La storia della filosofia vedrà un dibattito serrato sull’argomento. Per il momento, ci
limitiamo a sintetizzare per sommi capi i punti chiave della questione. Il
commentatore del II-III secolo d.C Alessandro di Afrodisia sosterrà che l’intelletto
potenziale è nell’anima individuale mentre quello attuale è intelletto divino e perciò
nettamente separato dall’uomo: stando così le cose, l’anima muore con il corpo.

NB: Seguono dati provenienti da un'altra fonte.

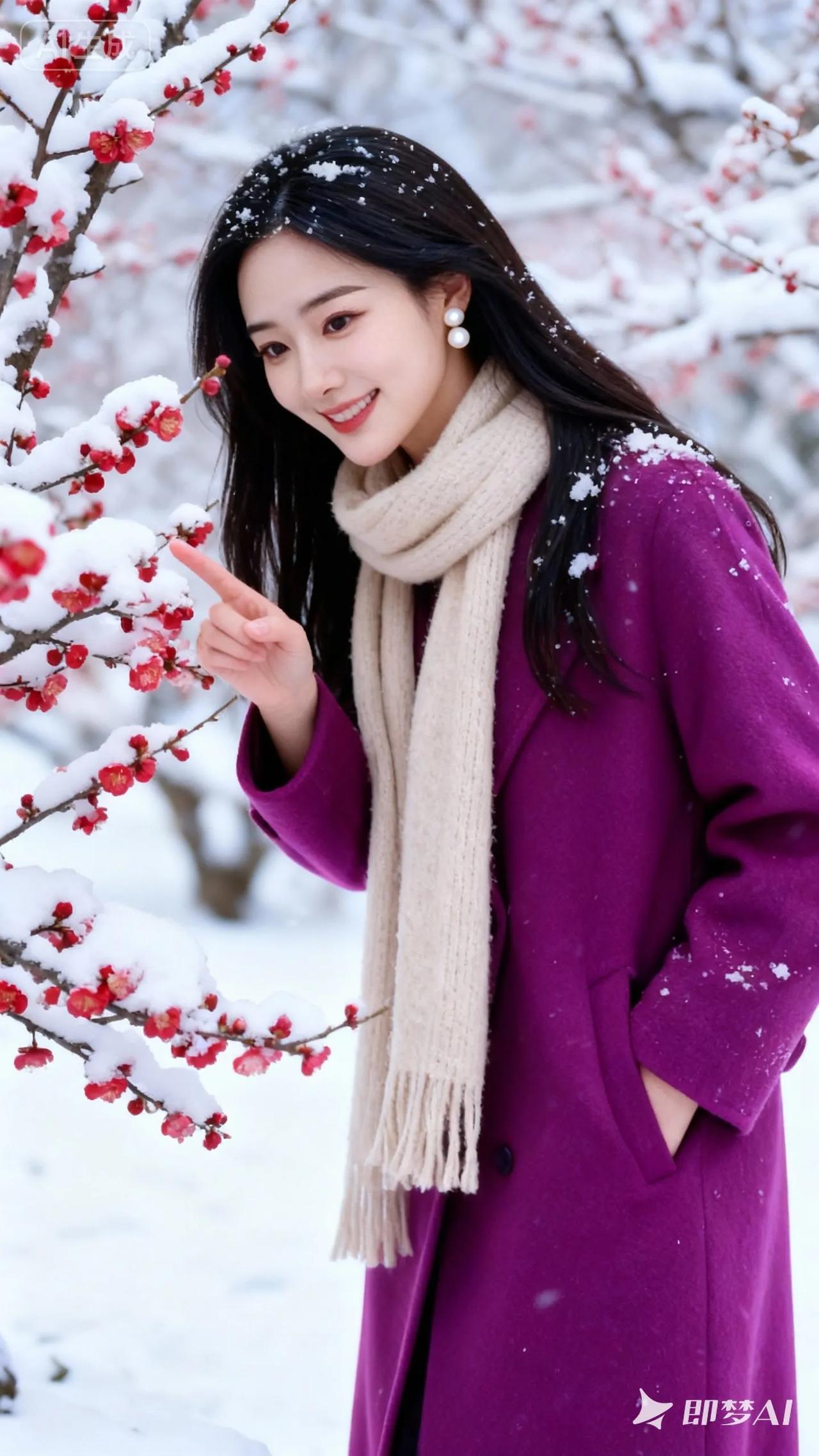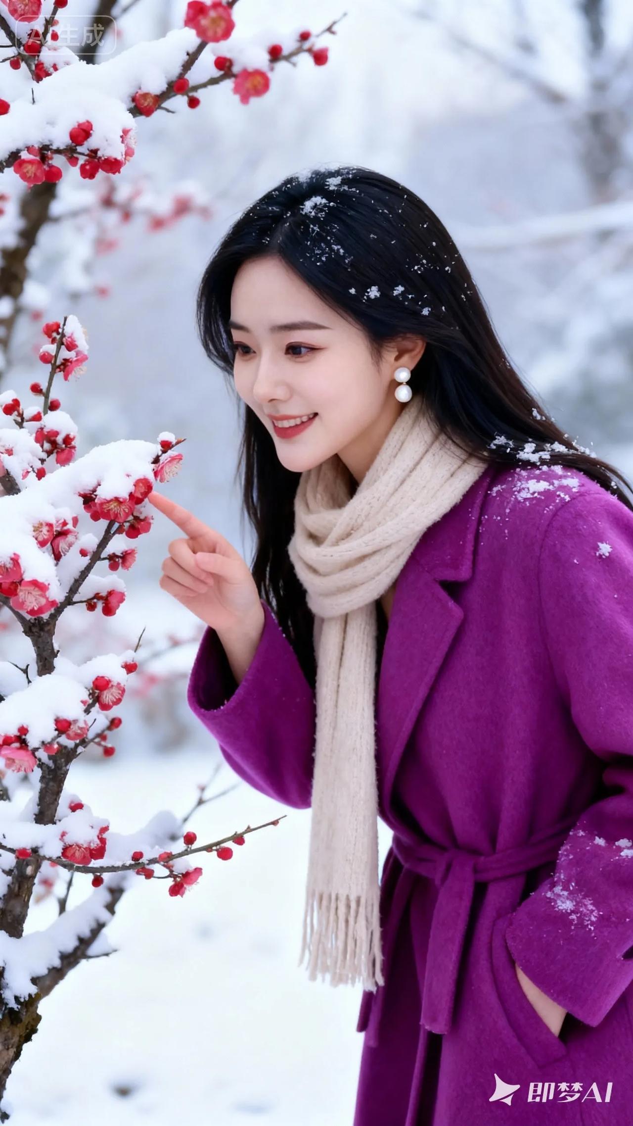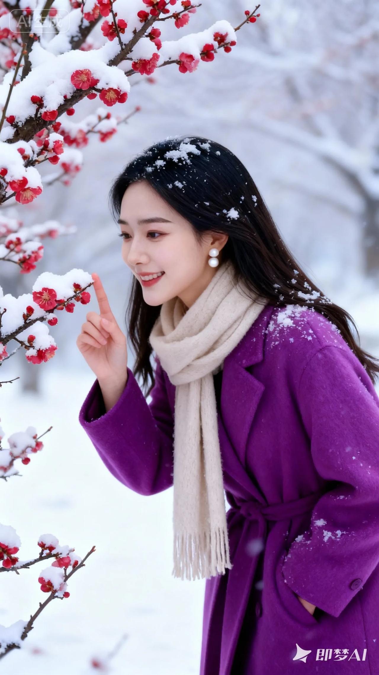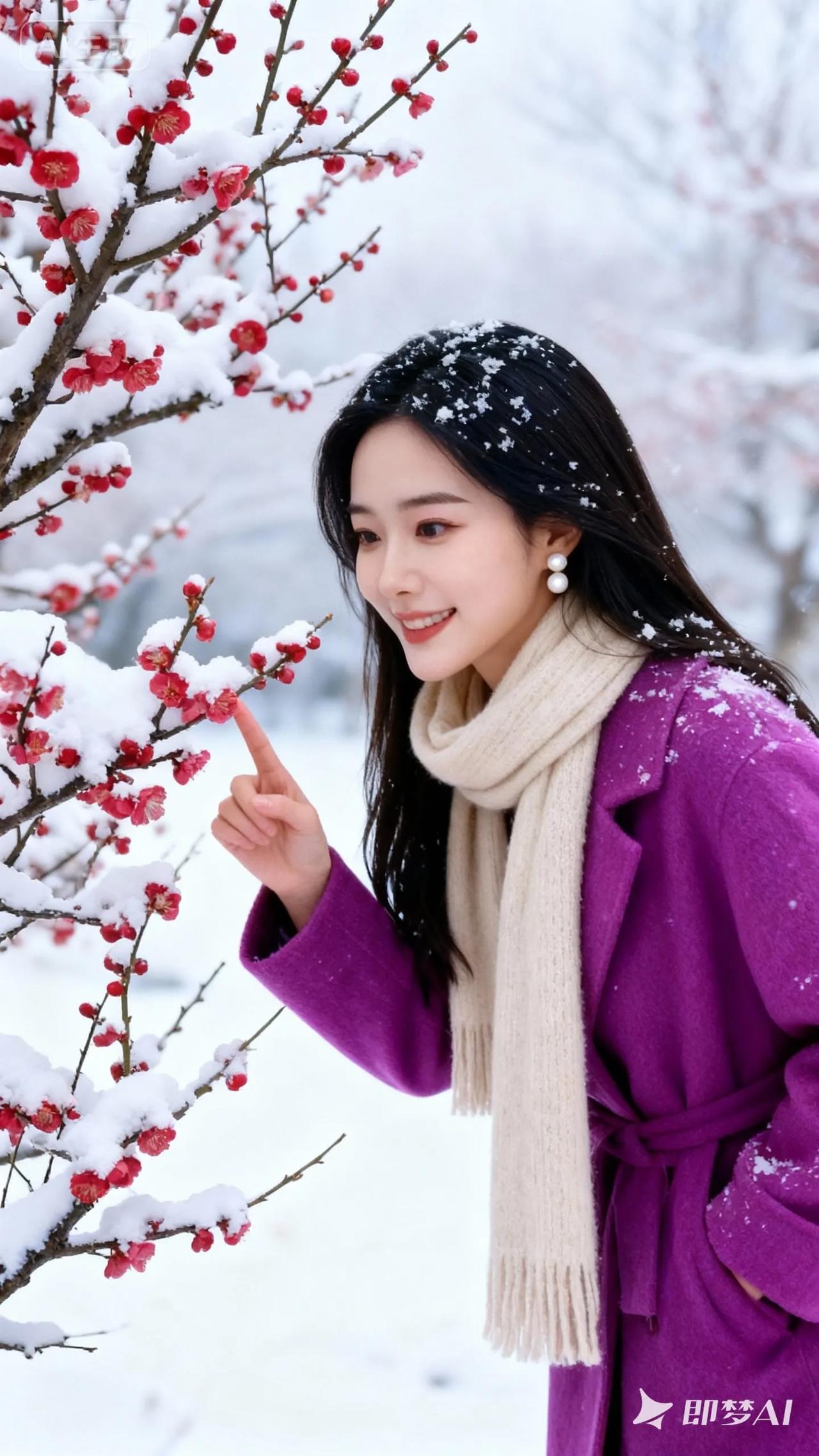冬日雪景中的少女,红梅点缀,温暖微笑。

Tale teoria verrà ripresa nel Rinascimento italiano dal movimento chiamato appunto
alessandrismo e rappresentato da Pomponazzi (1462-1525). Il grande filosofo
arabo Averroè (1126-1198) affermerà l’universalità e la separatezza sia
dell’intelletto universale e attivo che di quello potenziale, con la conseguenza che le
anime individuali sono mortali. Viceversa, quando la filosofia scolastica (la filosofia
del medioevo cristiano) riscoprirà Aristotele, si proporrà il problema di conciliare
l’aristotelismo con la dottrina cristiana: sarà Tommaso d’Aquino, opponendosi ad
Averroè, a sostenere la presenza di entrambi gli intelletti nell’anima individuale in
seguito alla creazione divina: così, se l’intelletto attivo è immortale ed è parte
dell’anima, anche questa dovrà essere tale.
Dal canto nostro, speriamo di aver fornito un quadro esauriente e obiettivo della
questione, non andando oltre e non ‘violentando’ consapevolmente il testo
aristotelico, che lascia diversi dubbi al riguardo.